Ich habe ne Klasse Point3D geschrieben.

```
Point3D a = new Point3D(0,0,1-5);

Point3D rot_Point = new Point3D(0,0,0);

double new_x,new_y,new_z;
// rotiere mit den ganzen codes aber nur new_x und new_z sollen verändert werden durch die rotation

a = new Point3D(new_x,new_y,new_z);
```
Muss das denn unbedingt mit Matrixen passieren?
Ich meine bei der Rotation um die Y Axe zum Beispiel, rotiert im grunde genommen immer nur x und z, also die coordinaten verändern sich. Vorher, beim x-Shooter, wo ihr mir geholfen habt, da hattet ihr auch so ne art formel, die könnte man hier auch einbauen. ich will eine simple rotation.

Kannste mir helfen?

Developer_X


----------



## Spacerat (14. Jan 2010)

Es sollten matritzen sein, weil alles andere iwie keinen Sinn macht. Würdest du dich nicht ständig an den Klassen Point oder Vector festbeissen, hättest du mit Sicherheit schon eine Klasse Matrix fertig. In dieser die Methoden [c]rotate()[/c], [c]rotX()[/c], [c]rotY()[/c], [c]rotZ()[/c] und [c]transform()[/c] o.ä.


----------



## Marco13 (14. Jan 2010)

Man könnte ja auch https://vecmath.dev.java.net/ verwenden, aber ... gut... :bahnhof:


----------



## Developer_X (14. Jan 2010)

Ich hatte da mehr an sowas gedacht:

```
Point3D a = new Point3D(-1,-1,0);
	
	//,... in der Methode math
	
	rot++;
	double pointX=(-1*Math.cos(Math.toRadians(rot)+Math.toRadians(90))); 
	double pointY=(-1*Math.sin(Math.toRadians(rot)+Math.toRadians(90)));
		
	a = new Point3D(pointX,pointY,a.z);
```

Developer_X


----------



## Developer_X (14. Jan 2010)

Spacerat hat gesagt.:


> Es sollten matritzen sein, weil alles andere iwie keinen Sinn macht. Würdest du dich nicht ständig an den Klassen Point oder Vector festbeissen, hättest du mit Sicherheit schon eine Klasse Matrix fertig.

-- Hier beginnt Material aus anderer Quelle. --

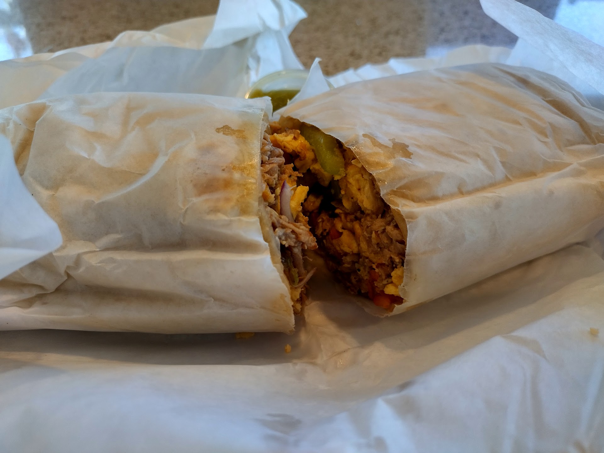 My Machaca Breakfast Burrito was humongous, & tasted super š! I could only eat half this monster, but I look forward to polishing off the rest tomorrow. My wife liked her Sausage, Potato & Cheese Breakfast Burrito, as well. They were a good value too, with 2 š-sized breakfast burritos, for under $20.

In dieser die Methoden [c]rotate()[/c], [c]rotX()[/c], [c]rotY()[/c], [c]rotZ()[/c] und [c]transform()[/c] o.ä.



Ich trau mich nicht mit Matrix zu arbeiten, da ich keine Ahnung habe, wie ich das machen soll.


----------



## Spacerat (14. Jan 2010)

Developer_X hat gesagt.:


> Ich trau mich nicht mit Matrix zu arbeiten, da ich keine Ahnung habe, wie ich das machen soll.


Und warum dann nicht so?





Marco13 hat gesagt.:


> Man könnte ja auch https://vecmath.dev.java.net/ verwenden...


Kennst du doch von Java3D... lässt sich auch in JOGL verwenden.


----------



## Soulfly (15. Jan 2010)

Wenn deine Rechnung nimmst und dann einmal Matrizenrechnung dir anlernst, was du solltest, dann wirst du merken, dass das was du da machst nichts anderes als eine manuelle Matrizentransformation für die Rotation um die Z Achse ist. Nichts anderes ist das, wobei deines noch falsch ist.

x = x * cos(rot) - y * sin(rot)
y = x * sin(rot) + y * con(rot) 

Guck die Matrizen und Vektoren an sonst wird das nichts!

Greetz,


----------



## Developer_X (15. Jan 2010)

Wie ich sehe, habe ich keine Chance mehr, ohne Vectoren und Matrizen zu arbeiten, mir bleibt wohl nichts anderes mehr übrig, ich muss endlich Trigonometrie und Matrizen Rechnung lernen, dann habe ich keine Probleme mehr.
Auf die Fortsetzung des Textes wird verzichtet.